Я так и подпрыгнула на кровати:
– Как на работе? Разве можно ночью студентов учить?
Бабушка помолчала.
– Нет, Машенька, студентов я больше не учу. Меня сократили… Двадцать семь лет я там хорошо студентов учила… а теперь вот… стала плохо учить…
– Ты? Плохо? Не может быть!
Но Бабушка не ответила, опять глубоко задумалась, а потом сказала:
– Я теперь, Машуля, часто буду уходить ночами. Мне, моя девочка, еще три года до пенсии… Я должна работать…
– А мы с Мишкой как же? – Мне стало отчего-то опять страшно. Даже рядом с Бабушкой.
– Что-нибудь придумаем! Просто мне именно сегодня надо было выйти на новую работу. Вот и пришлось тебя оставить одну. – Бабушка усмехнулась: – Кто же знал, что ты такая… чуткая… возьмешь и проснешься. Ладно, спи… и я пойду лягу…
Мы помолчали.
– Бабушка, а Бим тебе был зачем?
– Автобусы-то уже не ходят. А до почты идти пешком целую остановку. Вот он меня и охранял.

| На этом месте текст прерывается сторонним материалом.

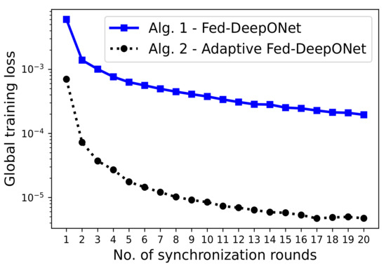 Figure 2 depicts the results of applying federated training using Algorithm 1 and Algorithm 2. Notice that, as expected, the training convergence of Fed-DeepONet is poor compared to the training convergence of the Adaptive Fed-DeepONet. We remark that this result is not new. In centralized deep learning [27], even though most of the theoretical results are developed for stochastic gradient descent (SGD), one often uses adaptive versions of SGD in practice. These adaptive methods generally deal better with the non-convex nature of the loss function and training dynamics. These results motivate us to only employ the Adaptive Fed-DeepONet to demonstrate the proposed framework’s performance.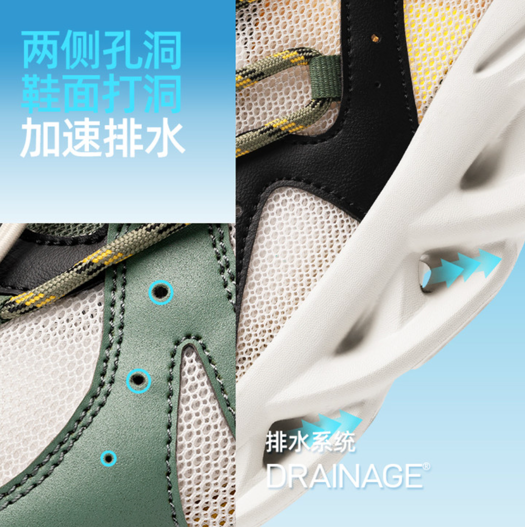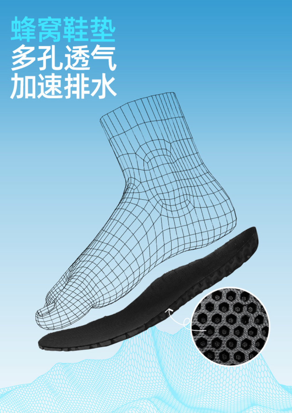 搭配多孔蜂窝鞋垫,不仅加速排水,脚丫子也仿佛会“呼吸”!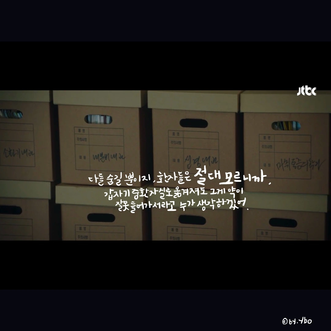 구승효, 예진우 이 곳에 나오는 사람들 모두 우리와 같은 사람이다. 어떤 일이 일어나고 반응할 때 각 자의 삶에서 경험했던 일이 영향을 끼친다. 아버지를 일찍 잃음에서 나온 책임감이 예 선생을 병원을 너머 인간의 본질까지 생각하게 했고, 생명의 숭고함이 더한 병원이란 곳에서 구 사장도 많이 배웠고 스스로 변해갔다. 우왕좌왕하던 의사들도 오랜 시간이 걸릴지라도 저지시키고 버틸 힘을 기르는 변화를 계획하게 되었다.
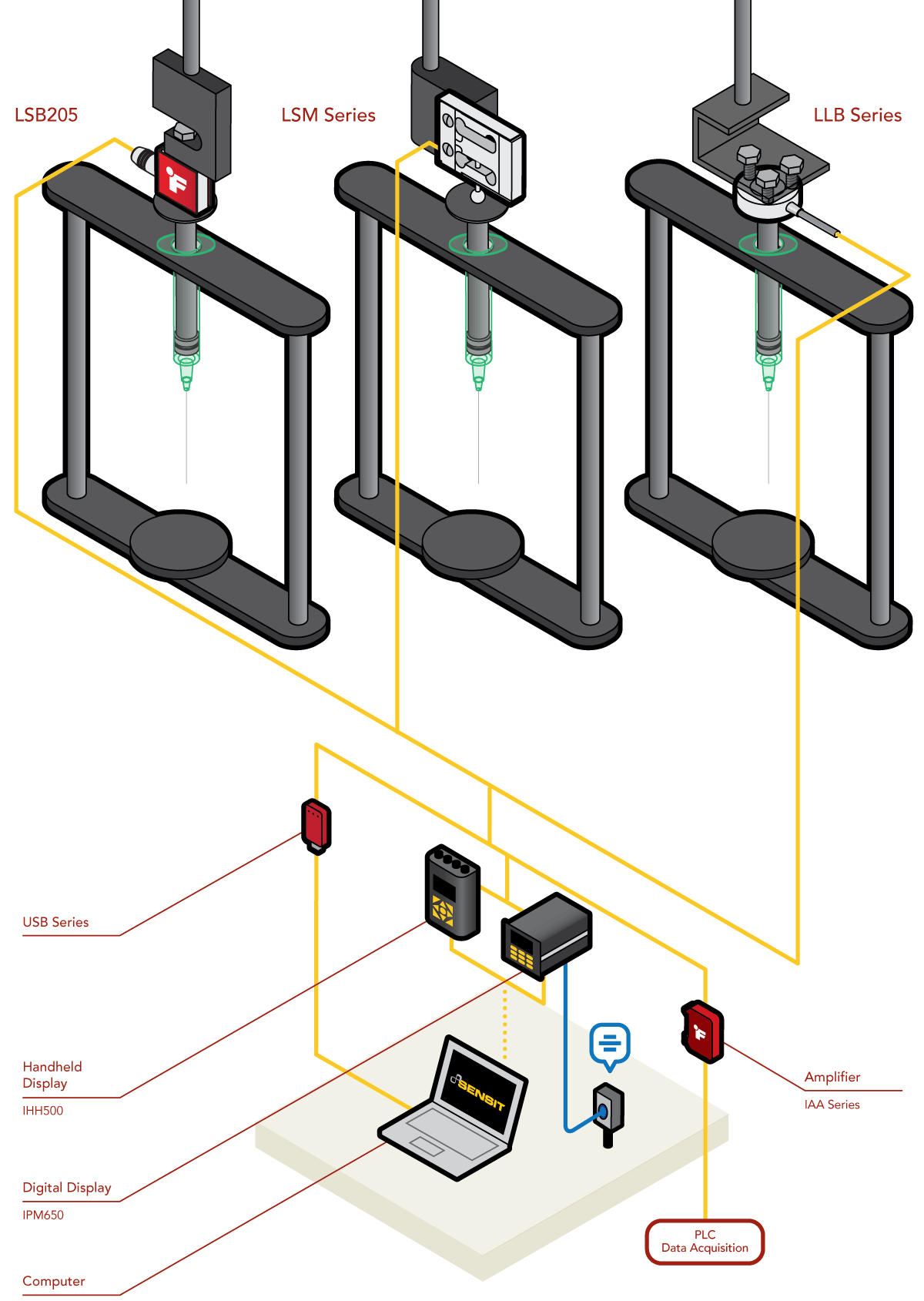 一只S型测力传感器(LSB200),平衡梁式力传感器(LSM系列),或者按钮型力传感器(LLB系列),及相之配套的仪器仪表(IAA系列, IPM650, IHH500, USB采集模块)和SENSIT采集软件。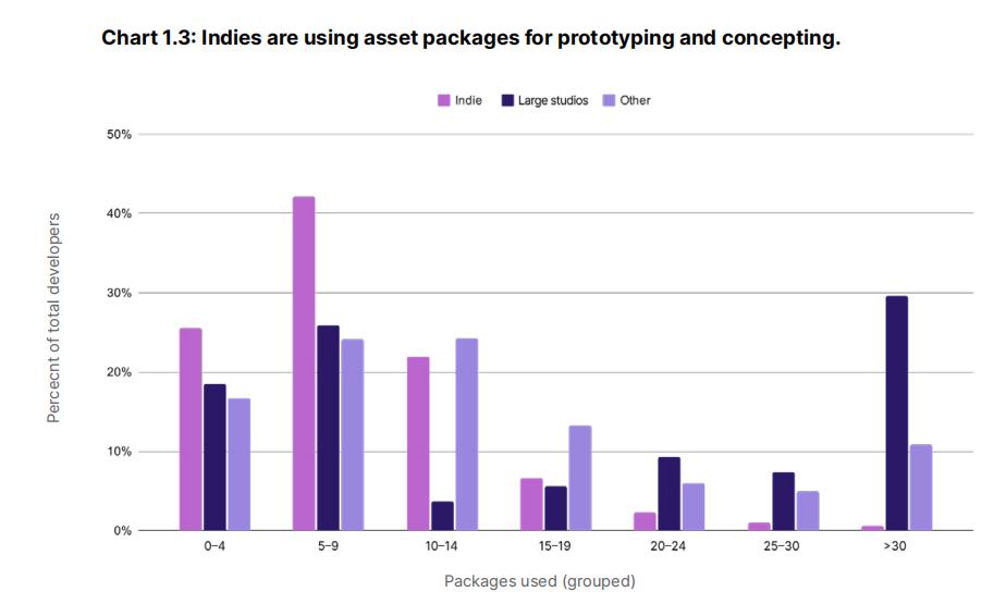 独立开发者不再从零开始开发每个项目。相反,他们将转向使用第三方资源快速进行原型设计和测试,62%的独立开发者在游戏中使用了5到14个资源包(assets)。46%的独立游戏原型设计阶段不超过一个月。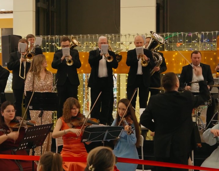 Духовой оркестр с элементами симфонического сохраняет энергию и яркость духовых, приобретает глубину и лиризм струнных, становится универсальным для самых разных музыкальных идей.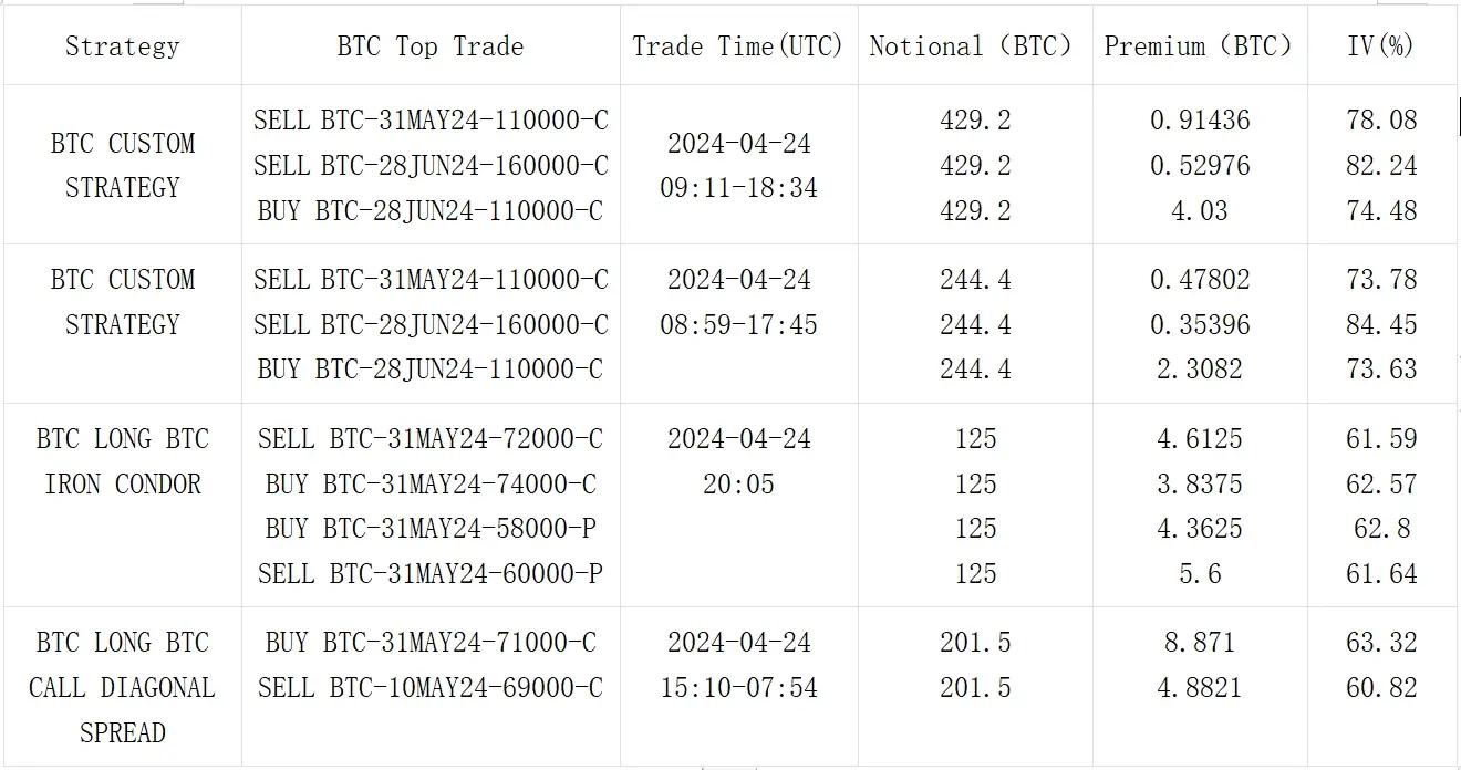 Data Source: Deribit, BTC trading overall distribution and 26 APR 24 turnover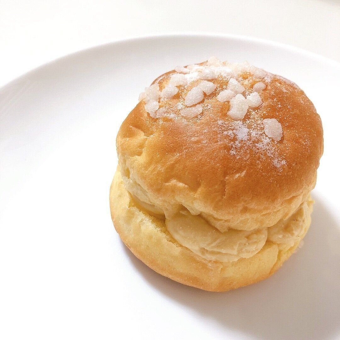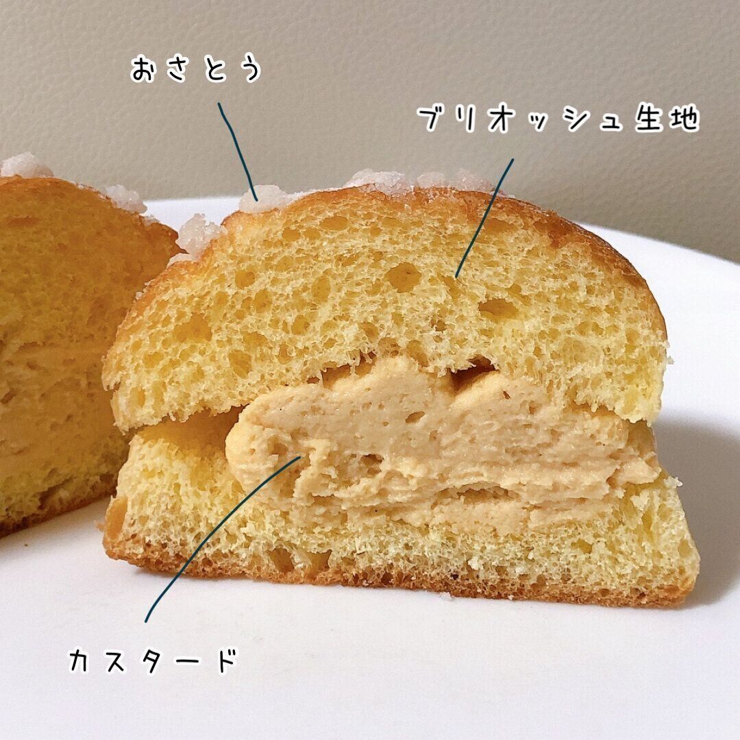 ボリュームのあるブリオッシュ生地の間から、ナチュラルな色合いのカスタードクリームが顔をのぞかせています。天面には、固めてコロっとさせた砂糖がおしゃれにのっています。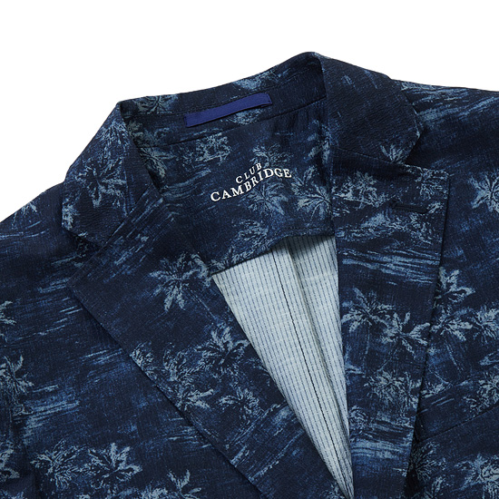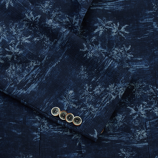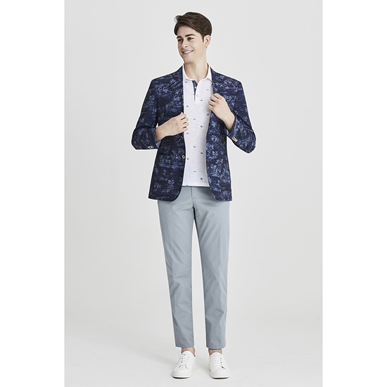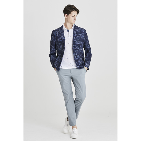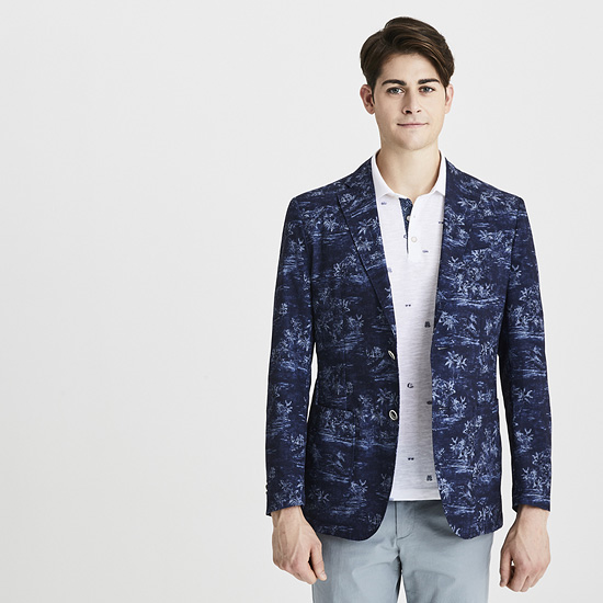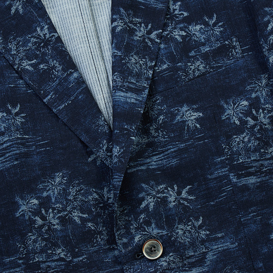 - 시즌무드의 유니크한 야자수 패턴이 돋보이는 투버튼 자켓.

Оказалось, действительно и взрослым бывает страшно – права была та тетя в телефоне!
Бабушка укрыла меня, подоткнула одеяло и поднялась.
– Бабуль, – пробормотала я, уже сладко проваливаясь в сон, – а зачем тебе ночью на почту?
Бабушка поджала губы и сунула руки в карманы халата.
– А я теперь там пол мою… В отделе приема. Спи, детка! – Погасив ночник, она медленно вышла и тихо притворила дверь.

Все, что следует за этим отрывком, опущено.